GFC 500 autopilot for certificated single-engine piston aircraft

Built upon the new and very popular G5 electronic flight instrument, the GFC 500 autopilot uniquely integrates with the G5 to provide pilots with an economical autopilot and modern flight instrument. The autopilot mode controller contains large dedicated keys and knobs, a control wheel that allows for easy adjustments to aircraft pitch, airspeed and vertical speed and a level button that returns the aircraft to straight-and-level flight. Similar to the GFC 600, the GFC 500 servos also contain a brushless DC motor and a gear train that eliminates the need for a mechanical slip clutch. G5 provides input and display of altitude preselect, heading, vertical speed target, airspeed target and Flight Director command bars for the GFC 500. An optional adapter allows the GFC 500 and G5 to interface with select Garmin GPS or VHF navigators. Initial STC for the GFC 500 is expected to be completed on the Cessna 172 in Q4 of 2017 with the Cessna 182 and Piper PA-28 aircraft series to follow.

  • Over-speed protection: With the autopilot engaged, this feature causes the aircraft to pitch up and slow down if the maximum speed limit is exceeded.
  • Dual Flight Director Command Bars on select aircraft primary flight displays (PFDs): If one set fails, the backup command bars will automatically replace them.
  • Flight Level Change(FLC) mode: Maintains constant airspeed while climbing or descending to a pre-selected altitude — and will sacrifice the commanded speed (if needed) to avoid flying away from the selected altitude.

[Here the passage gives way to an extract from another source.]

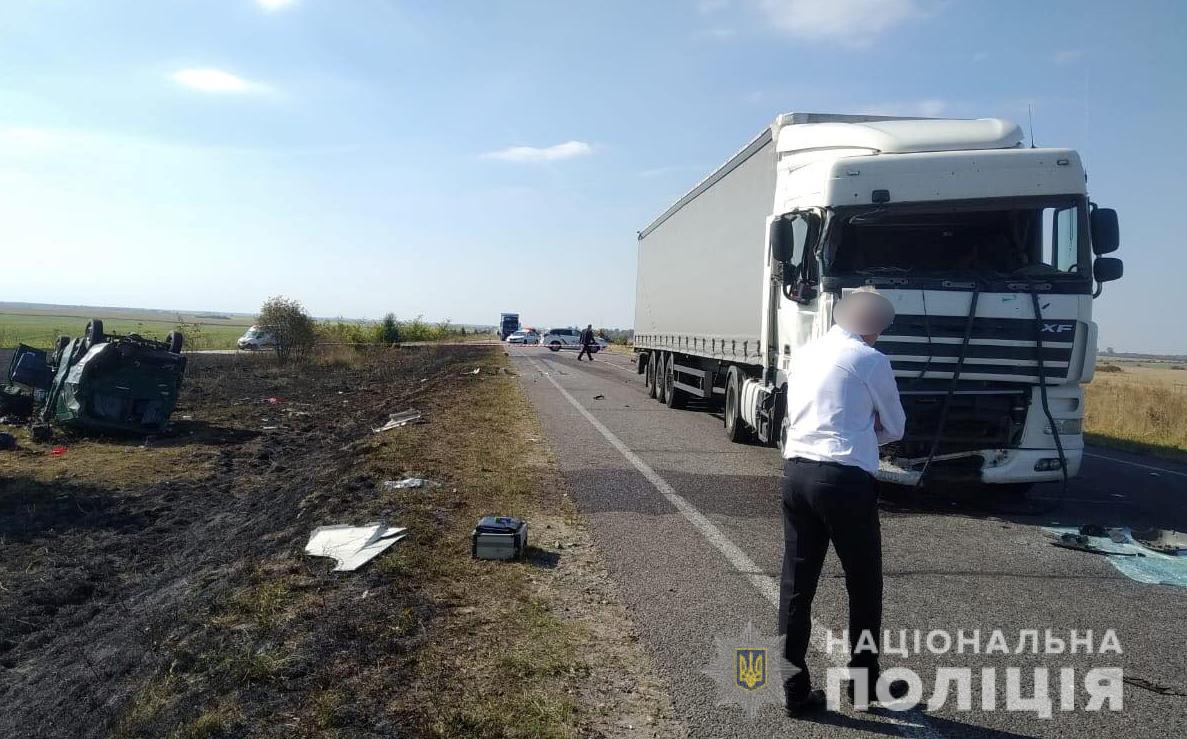 Внаслідок аварії загинули двоє пасажирів маршрутки, ще шестеро людей постраждали, п'ятьох з них госпіталізували. Водія вантажівки затримали. Вирішується питання про оголошення йому підозри.
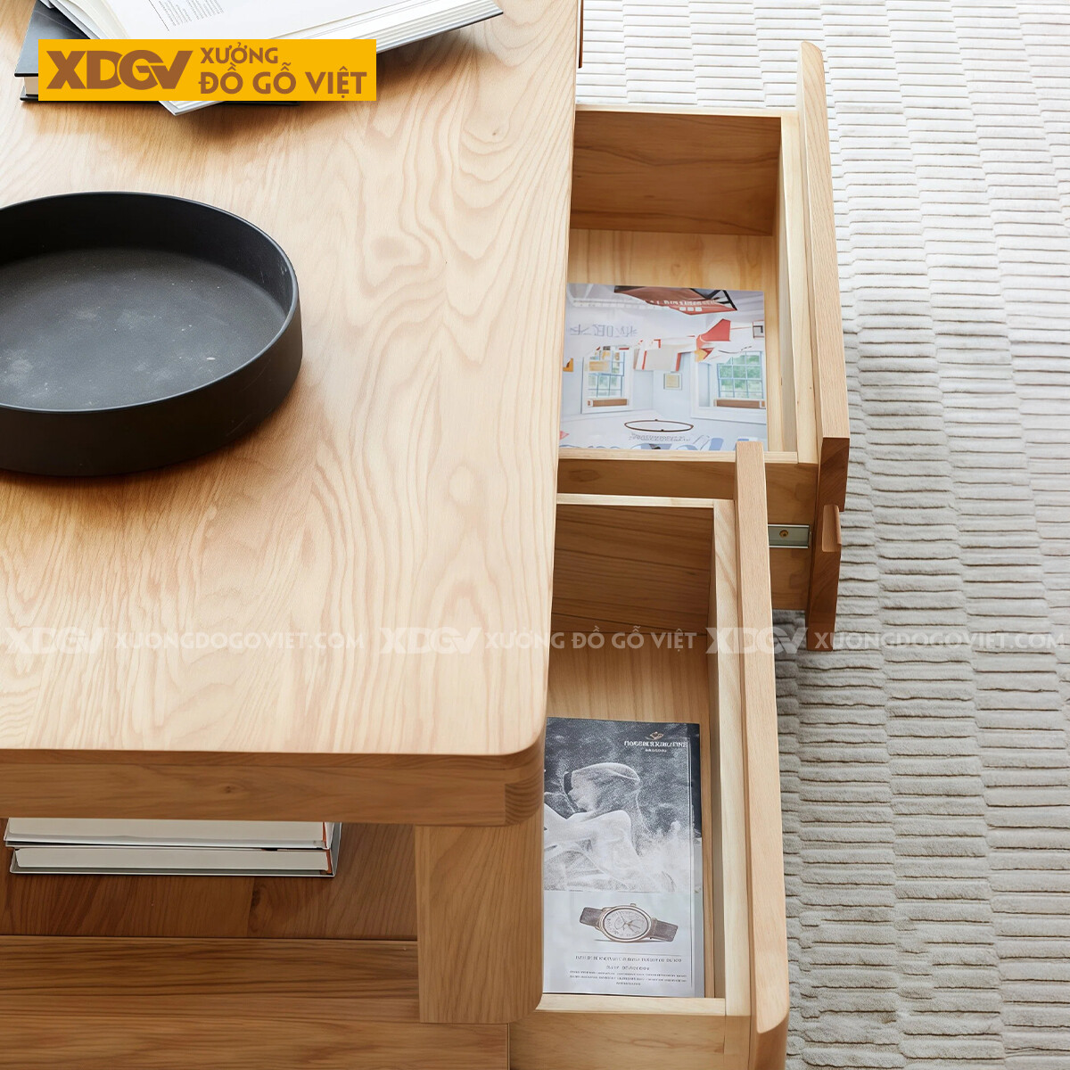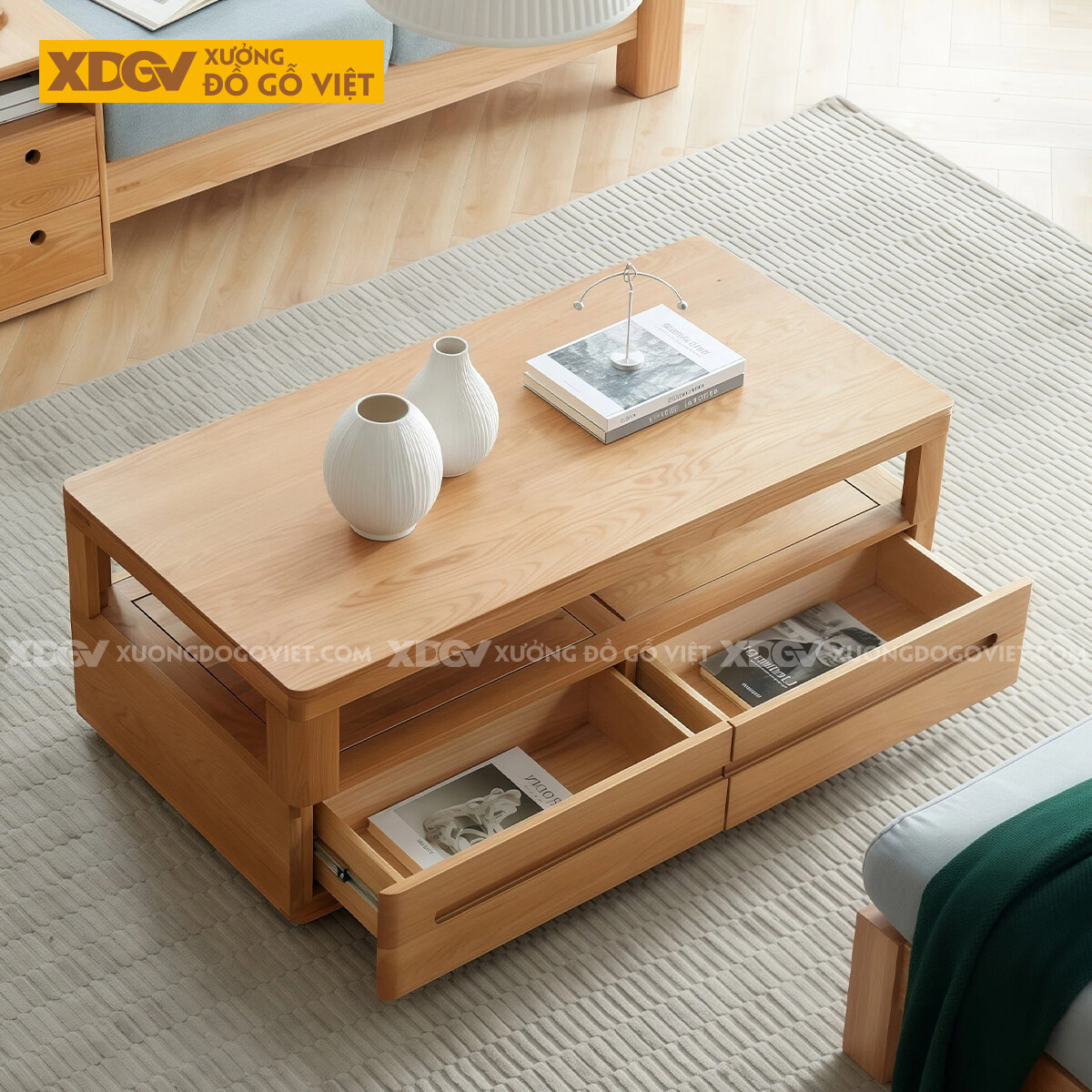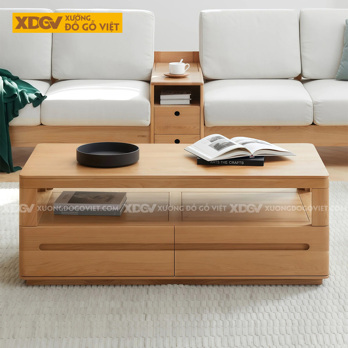 Mẫu Bàn Sofa Phòng Khách Gỗ Sồi Chân Cao Tích Hợp Ngăn Kéo

  • Enroute VNAV capture and tracking: Fly vertical profiles with ease.
  • Yaw damper rudder trim: In installations with a yaw damper mode, the system provides rudder control to avoid Dutch-roll oscillations and to coordinate turns when banking. automatic rudder control to avoid Dutch-roll oscillations and to coordinate turns when banking — even for airframes that don’t have a mechanical rudder trim system.
  • Emergency descent mode: On select airframes, if the aircraft pressurization system fails or exceeds safe cabin altitude limits, the GFC 700 will automatically pitch down and follow the maximum safe airspeed to an OEM-specified altitude, where it will then level off to prevent the pilot from losing control due to hypoxia.